2s orbital wavefunction has non-zero probability at $r=0$?

Question

The wavefunction for an electron within a hydrogen atom in the $2s$ state has the following wavefunction:

$$\psi(r,\phi,\theta)=\psi(r)=\frac{1}{2\sqrt{\pi}}\left(2-\frac{r}{a_0}\right)\frac{e^{-r/2a_0}}{(2a_0)^{3/2}}$$

However, at $r=0$,

$$\psi^*\psi\left.\right|_{r=0}=\left(\frac{1}{2\sqrt{\pi}}\left(2-\frac{0}{a_0}\right)\frac{e^{-0/2a_0}}{(2a_0)^{3/2}}\right)^2=\frac{1}{\pi(2a_0)^{3}}$$

I don't understand how this should be possible.
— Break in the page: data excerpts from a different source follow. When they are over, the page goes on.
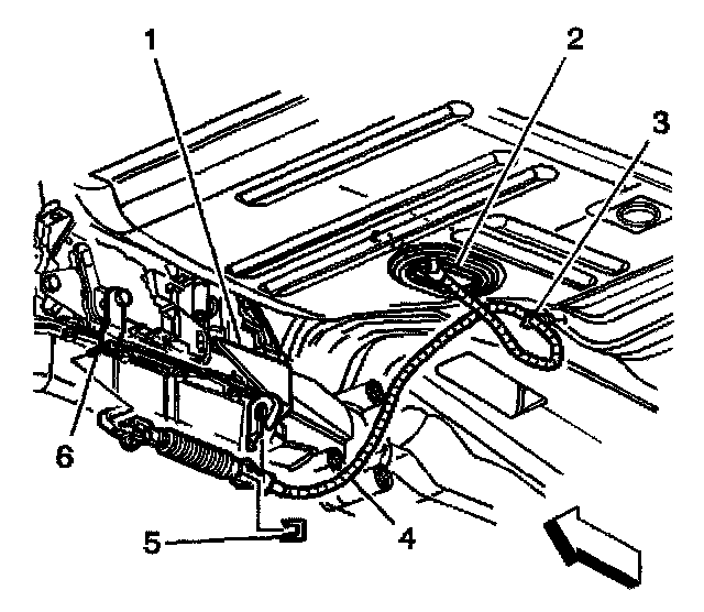 6. Remove the cable from the retainer (3) on the floor panel. If the vehicle is equipped with 4WD, remove the cable from the retainers located on the transfer case.
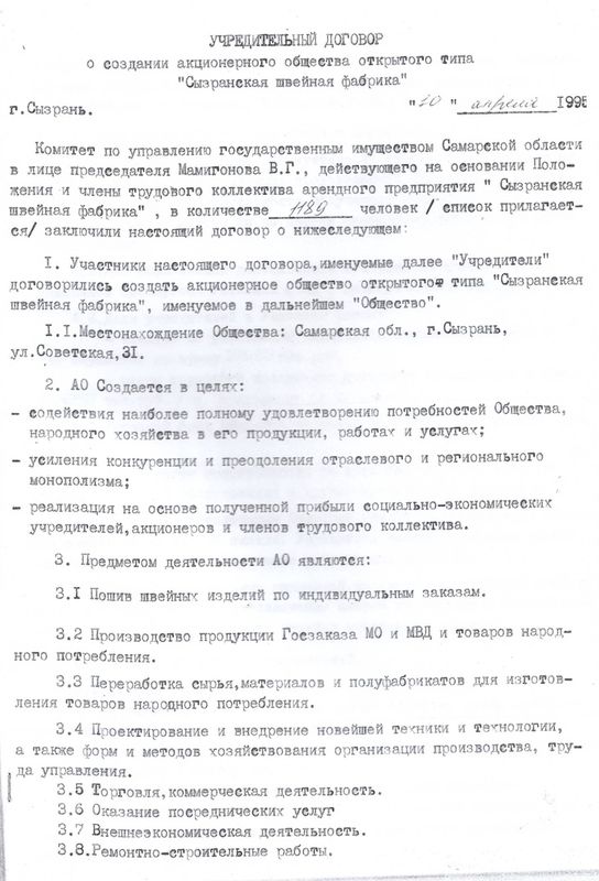 лет артель выросла до уровня швейного комбината, открыла в Сызрани три
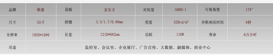 京東方液晶面板、性價(jià)比高、彩色佳,主要應(yīng)用于監(jiān)控室、會(huì)議室、展廳等
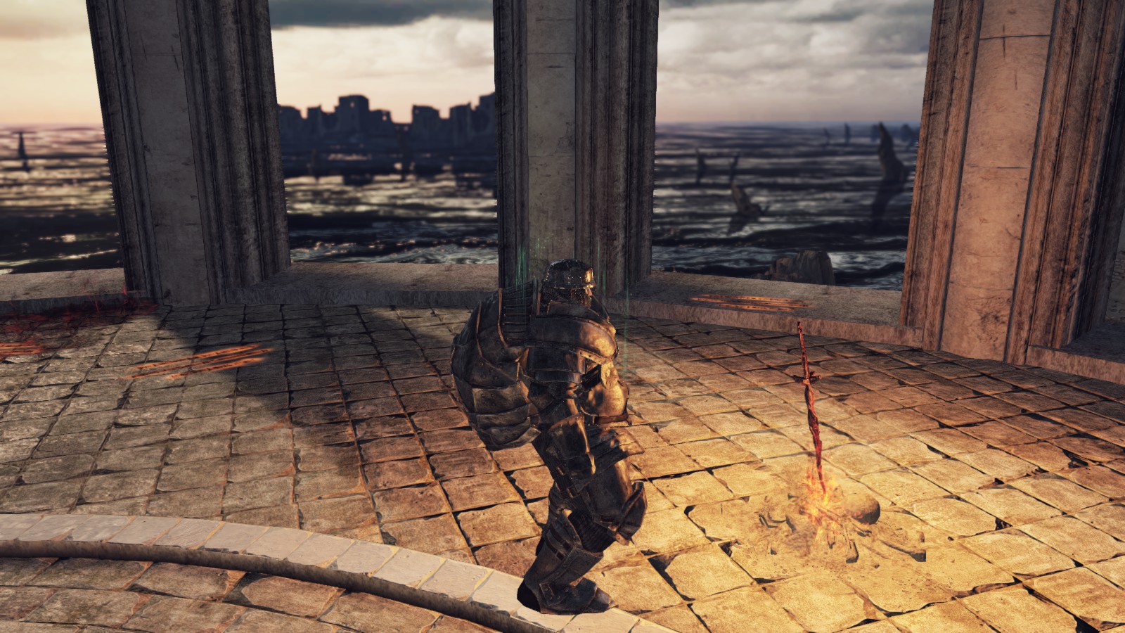- Once we’ve collected all the drops, we’ll head back inside the Blue Cathedral, and we’ll rest on it’s bonfire.
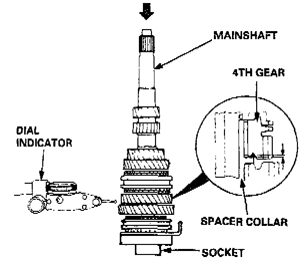 6. If distance (A) is less than the service limit, replace the spacer collar with a new one. If distance (A) is within the service limit, measure the thickness of 4th gear.
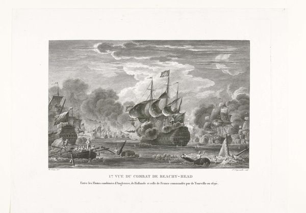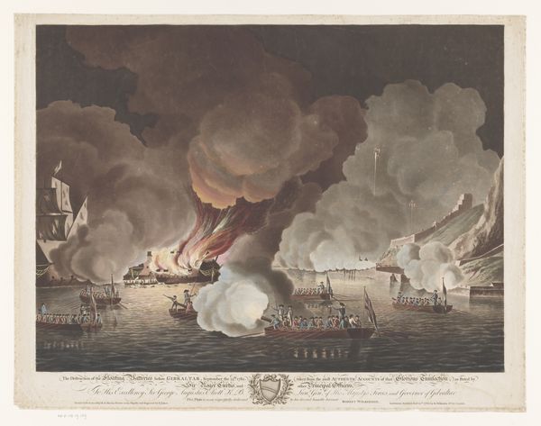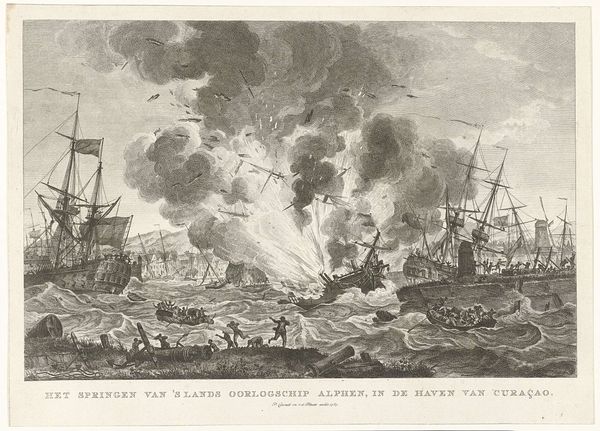 Curator: This image grabs you instantly with its stark, monochrome palette and dramatic central explosion. There's something chaotic yet undeniably compelling about its composition. Editor: Indeed. What we’re looking at is a print entitled "Ontploffing van de admiraliteitsjacht te Rotterdam, 1790," which translates to "Explosion of the Admiralty Yacht in Rotterdam, 1790". It's attributed to an anonymous artist and dates to 1791, so shortly after the actual event. The medium is engraving, a common way to disseminate images at that time. Curator: The explosion itself dominates the scene. Notice how the artist uses hatching and cross-hatching to create a dense cloud of smoke and debris. It's quite effective in conveying the sheer force of the blast. The lines around it speak of water upheaving. Editor: This explosion speaks volumes about the political instability in the Netherlands towards the end of the 18th century. The explosion, while not explicitly linked to a political cause within the engraving, happened amid growing tension between the Patriots, who sought democratic reforms, and the Orangists, who supported the Stadtholder. Rotterdam was a hotspot for Patriot activity, the print potentially memorializes anxieties around state authority. Curator: From a formal standpoint, the cityscape in the background offers a compelling counterpoint to the chaos in the foreground. Its stable verticals anchor the image. And you see echoes of Baroque drama within this image. The composition, while appearing chaotic, is structured to guide the eye through the spectacle, with strong diagonals leading toward the blast. Editor: These clean architectural renderings are also important. They place the tragedy within the very life and business of the city. Rotterdam would've felt this loss. Note too the figures in the boats; they’re the implied spectators, both threatened by and in awe of the yacht's explosion. This represents ordinary people and how warfare impacted society in general, beyond military or political objectives. Curator: Ultimately, the engraving achieves a visual record—an image capturing the precise instant of total destruction through sharp details and dense engraving. Editor: Yes, but I will take with me the implications of that moment and how power is wielded with consideration to the historical moment, rather than just the pure visual impact.
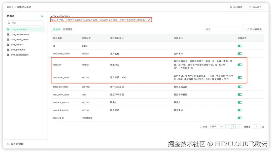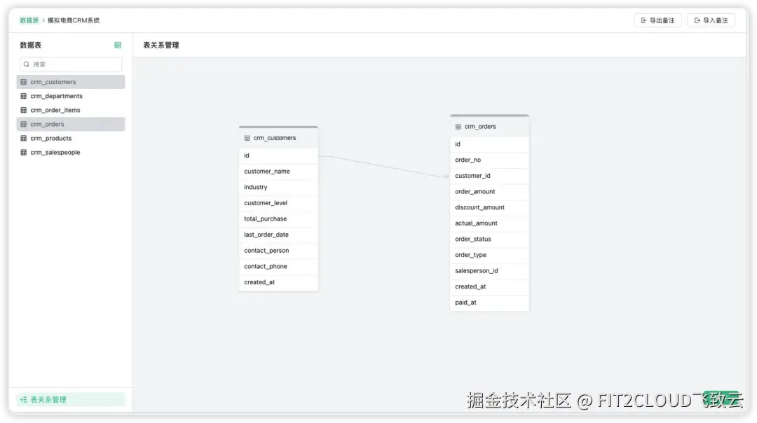 在本文中,我们将模拟一套电商CRM系统数据为例,将这套数据作为电商CRM系统数据源接入SQLBot。通过对电商CRM系统数据源及其中的数据进行SQLBot配置,展示在不同的使用场景中如何通过系统配置让AI更理解业务。
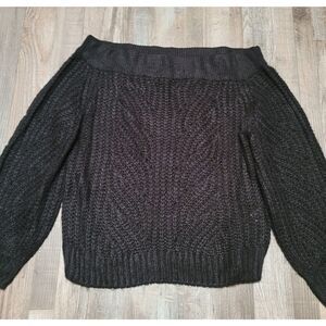 Noisy May Knit Crochet Black Sweater Size Medium Off Shoulders Boho
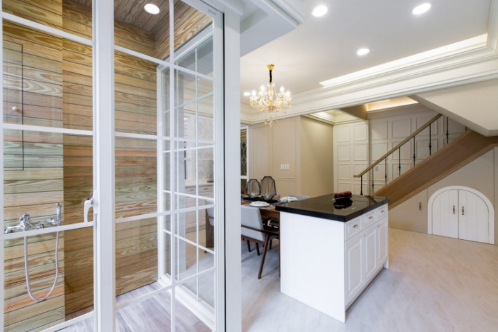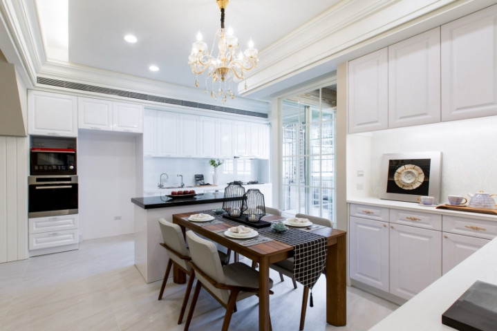 中岛厨景:白皙橱柜与黑石台面呼应,勾画澄清俐落的烹调场域。
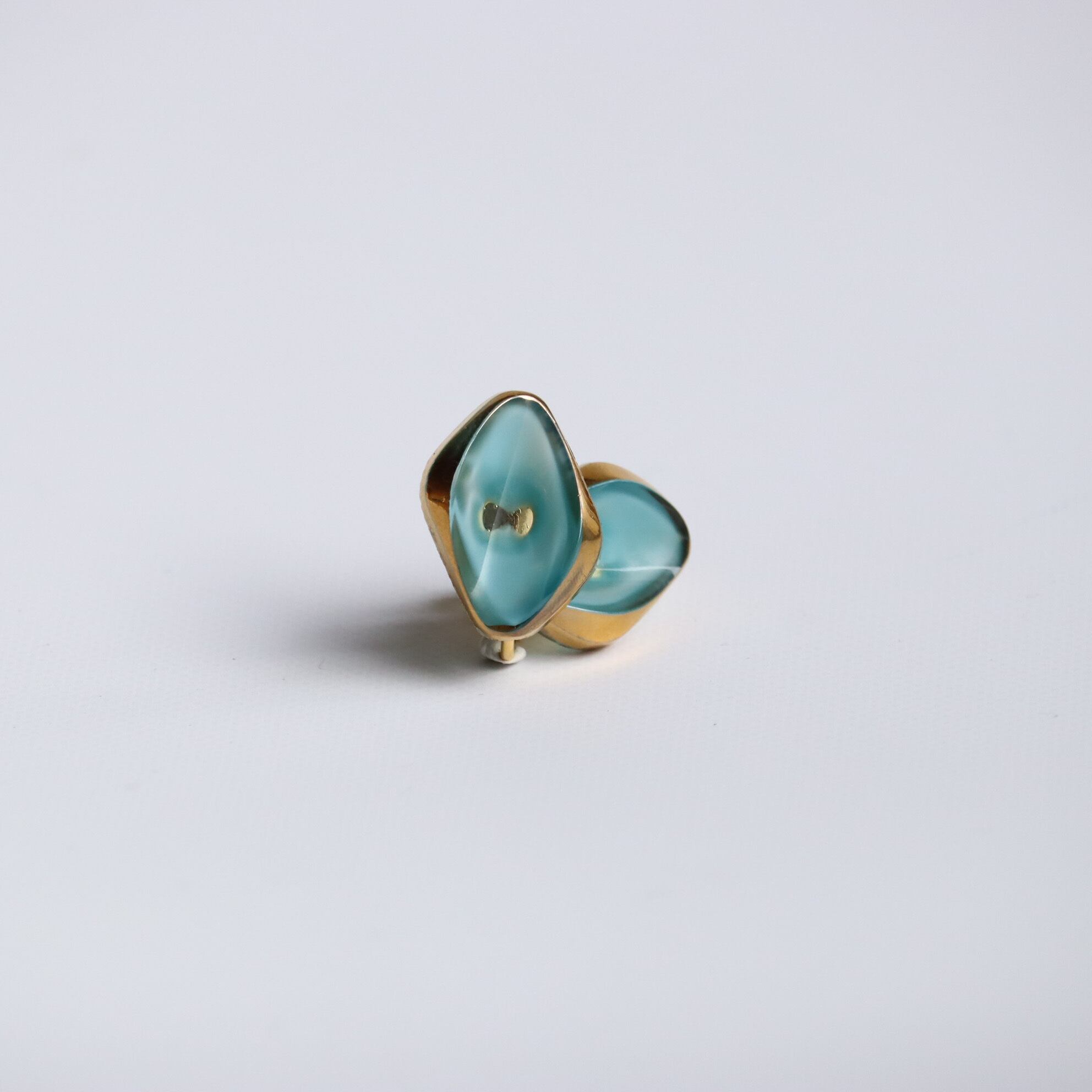 ボタンの中で、水がゆっくりとうごめくような幻想的な色合い。
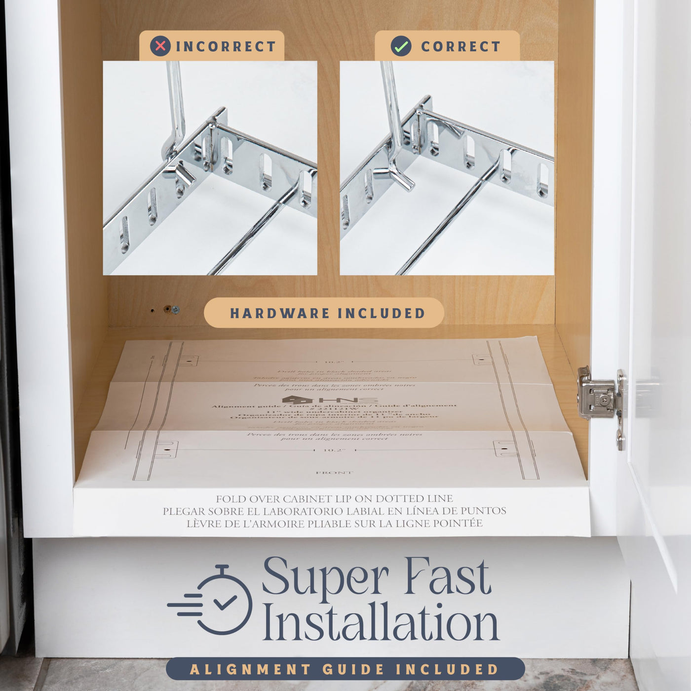 • Q: What are the installation requirements for this product? A: The installation requires a cabinet opening of at least 14-1/4 inches wide. It comes with all necessary hardware and step-by-step instructions for easy setup.

My answer doesn't match logic and it doesn't match graphs that I find online. (every graph I see goes to zero at $r=0$)

However, this does seem to really be the wavefunction for the 2s state.

Where have I gone wrong?

Answer 1

The graph shows the probability of finding the electron between the distances $r$ and $r + dr$. This probability is given by:

$$ P = \psi^* \psi dV $$

where $dV$ is the volume element:

$$ dV = 4\pi r^2 dr $$

So we get the probability:

$$ P(r,r+dr) = \psi^* \psi 4\pi r^2 dr $$

and therefore when $r = 0$ the probability $P = 0$. It isn't that the wavefunction goes to zero at $r = 0$, but that the size of the volume element goes to zero.